> _Input records_
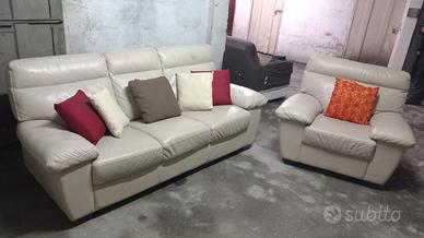 Vendo bellissimo salotto di alta qualità della "DivanibyNatuzzi", composto da Divano 3posti(NON a letto) + Poltrona. Sia il divano che la poltrona sono in vera pelle color cappuccino chiaro, in perfette condizioni; senza strappi, bruciature o altro problema, ne si affonda. Misure divano: 213x90cm. Misura poltrona: 113x90cm. Prezzo super affare 130€ per il completo. Possibilità di trasporto con consegna giù al civico, per Napoli e limitrofi(prezzo a parte). Astenersi curiosi e perditempo. Contatti solo se intenzionati all'acquisto. Zona Villaricca(NA).
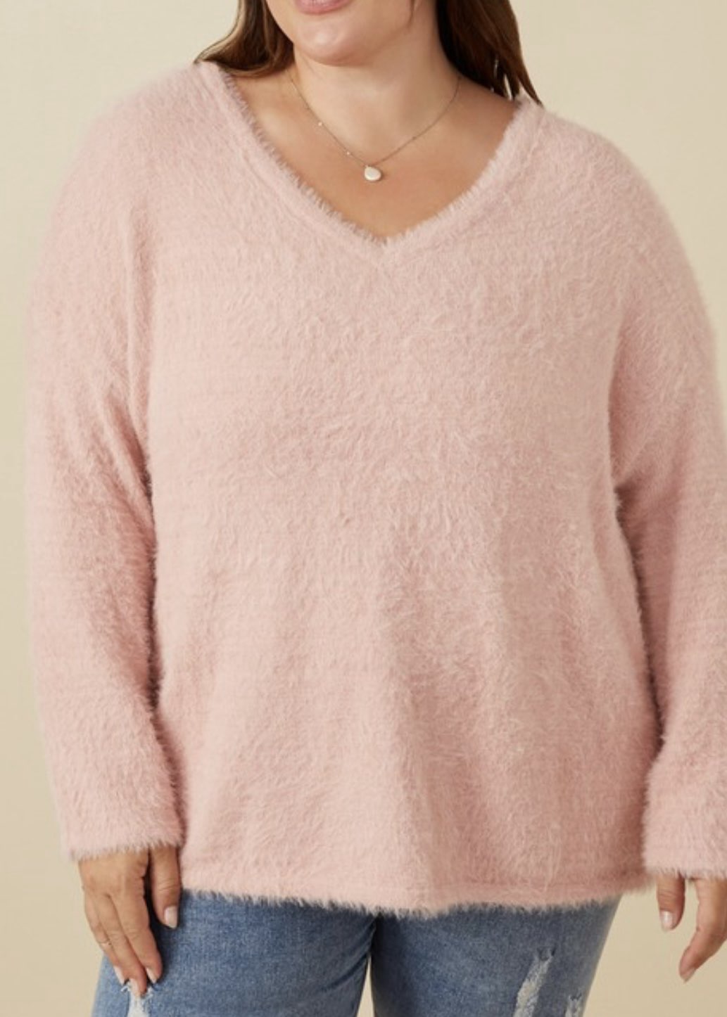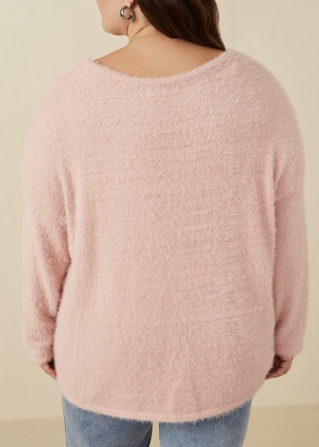 Soft, airy, and effortlessly elegant, the Blush Mohair V-Neck Sweater Top extended brings a touch of luxury to your everyday style. Crafted from plush mohair knit fabric, it features a relaxed silhouette with a flattering V-cut neckline and long sleeves for cozy comfort.
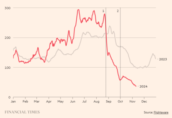 베이루트 공항 2023년 대비 2024년 출도착 건수.
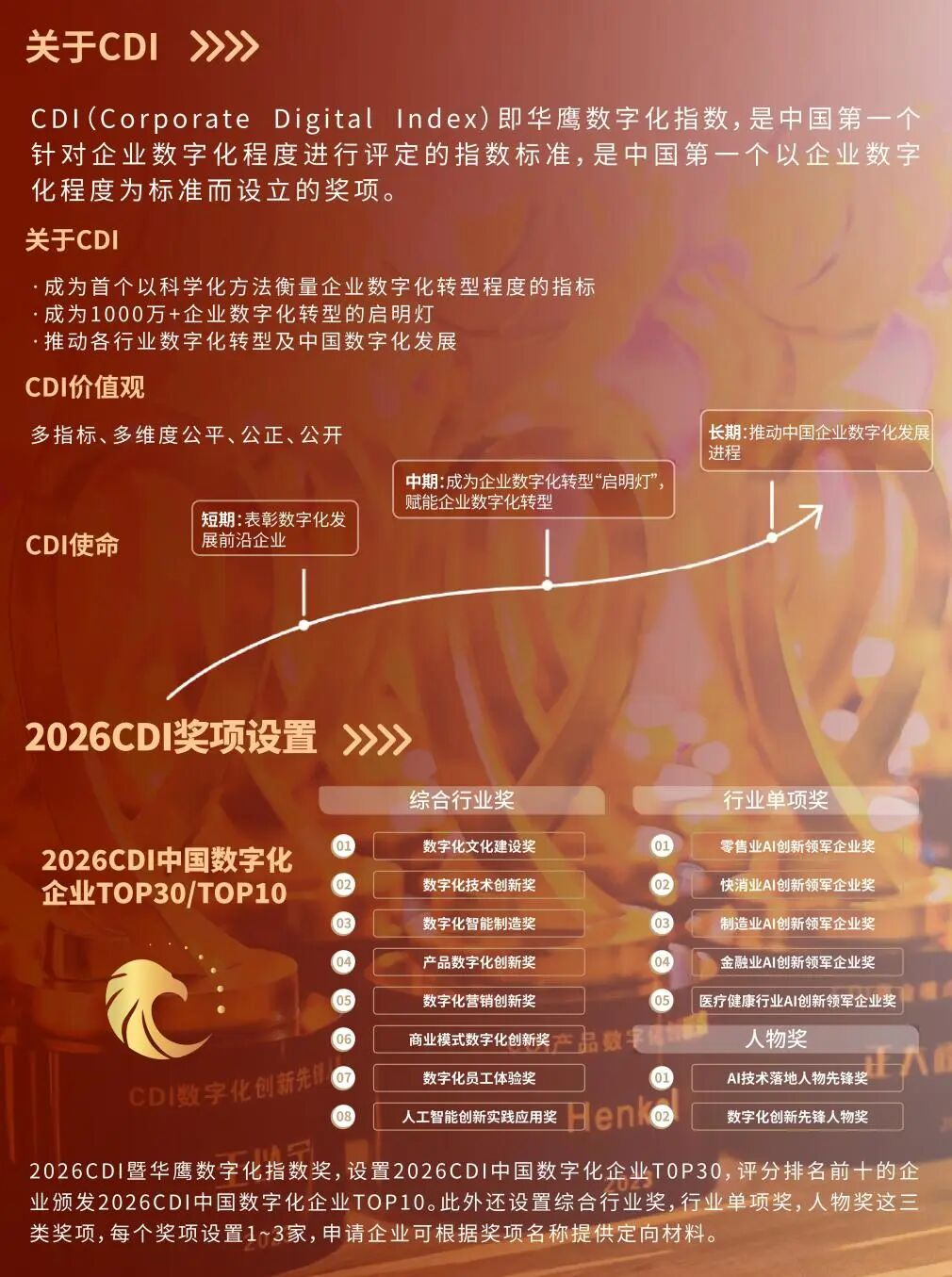 国内首个CDI奖项评选同步开展,以专业权威评价体系,挖掘数字化创新标杆,树立行业典范。多维度布局彰显2026CDIE在资源整合、生态构建、行业引领的强大实力,为企业提供品牌展示、业务拓展、合作共赢的优质机遇 。
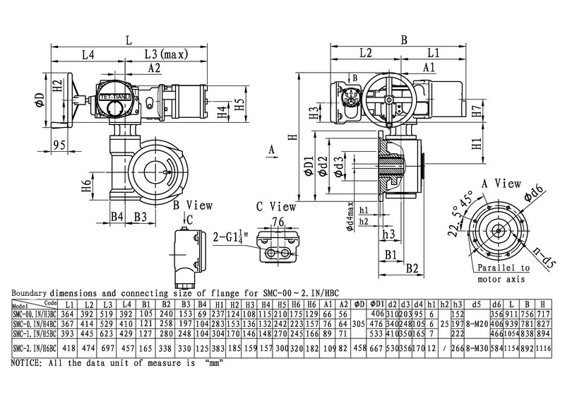 SMC/HBC series ,the combination of SMC series muilt-turn electric actuators and HBC worm speed reducer , was used to control ball valve ,butterfly valve and other part-turn valve actuators. This series actuators have features as firm structure, multiple standard, large torque rang, stable output and self-locking ability. In order to set up with the valve stem, HBC has a involute stem nut.. It is easy to test and adjust.
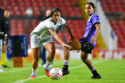 Querétaro, Querétaro, 9 de febrero de 2026. Vanessa González (I), durante el partido correspondiente a la jornada 8 del torneo Clausura 2026 de la Liga BBVA MX Femenil, entre el Club Querétaro y las Cañoneras del Mazatlán FC, realizado en el estadio La Corregidora. Foto: Imago7/ Olimpia Puga
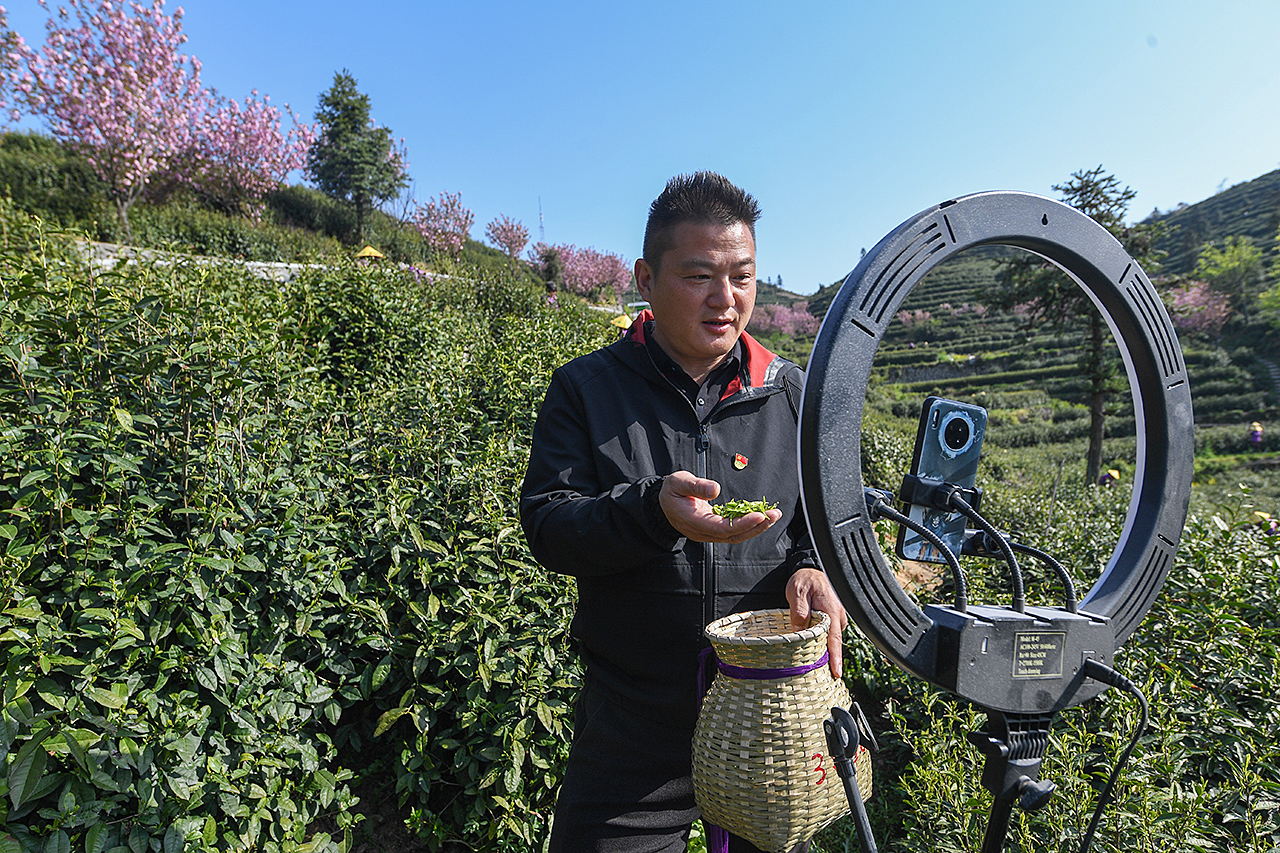 4月8日,在里山鎮(zhèn)安頂山上的高山云霧茶地,黨員志愿者在錄制高山茶推介視頻,用于網(wǎng)上銷售
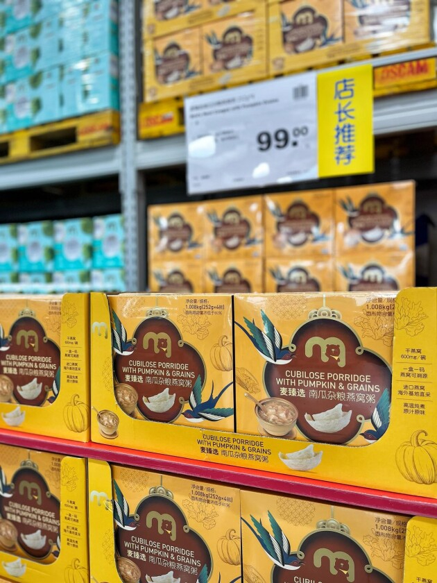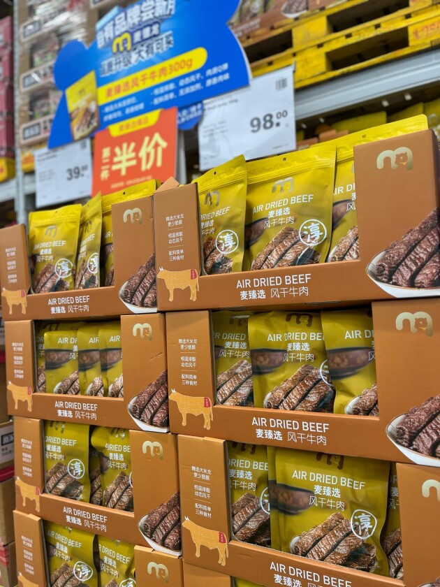 走进宽敞明亮的麦德龙徐东会员店,记者看到消费者们推着购物车在悠闲的购物。家住徐东的王女士表示,近期要带小朋友去香港迪士尼玩,约五小时高铁直达,非常方便。她的购物车里面放了麦臻选银耳汤、麦臻选南瓜燕窝粥、风干牛肉等,王女士说:“这些食品开罐即食,方便又营养,口味很适合小朋友。麦臻选风干牛肉,配料表干净,牛肉蛋白质含量高,而脂肪含量低,作为零食来说十分健康。”

> _How to complete this task_
Write out every line of the entries above exactly, and omit their pictures.

> _Solution below_
 Vendo bellissimo salotto di alta qualità della "DivanibyNatuzzi", composto da Divano 3posti(NON a letto) + Poltrona. Sia il divano che la poltrona sono in vera pelle color cappuccino chiaro, in perfette condizioni; senza strappi, bruciature o altro problema, ne si affonda. Misure divano: 213x90cm. Misura poltrona: 113x90cm. Prezzo super affare 130€ per il completo. Possibilità di trasporto con consegna giù al civico, per Napoli e limitrofi(prezzo a parte). Astenersi curiosi e perditempo. Contatti solo se intenzionati all'acquisto. Zona Villaricca(NA).
 Soft, airy, and effortlessly elegant, the Blush Mohair V-Neck Sweater Top extended brings a touch of luxury to your everyday style. Crafted from plush mohair knit fabric, it features a relaxed silhouette with a flattering V-cut neckline and long sleeves for cozy comfort.
 베이루트 공항 2023년 대비 2024년 출도착 건수.
 国内首个CDI奖项评选同步开展,以专业权威评价体系,挖掘数字化创新标杆,树立行业典范。多维度布局彰显2026CDIE在资源整合、生态构建、行业引领的强大实力,为企业提供品牌展示、业务拓展、合作共赢的优质机遇 。
 SMC/HBC series ,the combination of SMC series muilt-turn electric actuators and HBC worm speed reducer , was used to control ball valve ,butterfly valve and other part-turn valve actuators. This series actuators have features as firm structure, multiple standard, large torque rang, stable output and self-locking ability. In order to set up with the valve stem, HBC has a involute stem nut.. It is easy to test and adjust.
 Querétaro, Querétaro, 9 de febrero de 2026. Vanessa González (I), durante el partido correspondiente a la jornada 8 del torneo Clausura 2026 de la Liga BBVA MX Femenil, entre el Club Querétaro y las Cañoneras del Mazatlán FC, realizado en el estadio La Corregidora. Foto: Imago7/ Olimpia Puga
 4月8日,在里山鎮(zhèn)安頂山上的高山云霧茶地,黨員志愿者在錄制高山茶推介視頻,用于網(wǎng)上銷售
 走进宽敞明亮的麦德龙徐东会员店,记者看到消费者们推着购物车在悠闲的购物。家住徐东的王女士表示,近期要带小朋友去香港迪士尼玩,约五小时高铁直达,非常方便。她的购物车里面放了麦臻选银耳汤、麦臻选南瓜燕窝粥、风干牛肉等,王女士说:“这些食品开罐即食,方便又营养,口味很适合小朋友。麦臻选风干牛肉,配料表干净,牛肉蛋白质含量高,而脂肪含量低,作为零食来说十分健康。”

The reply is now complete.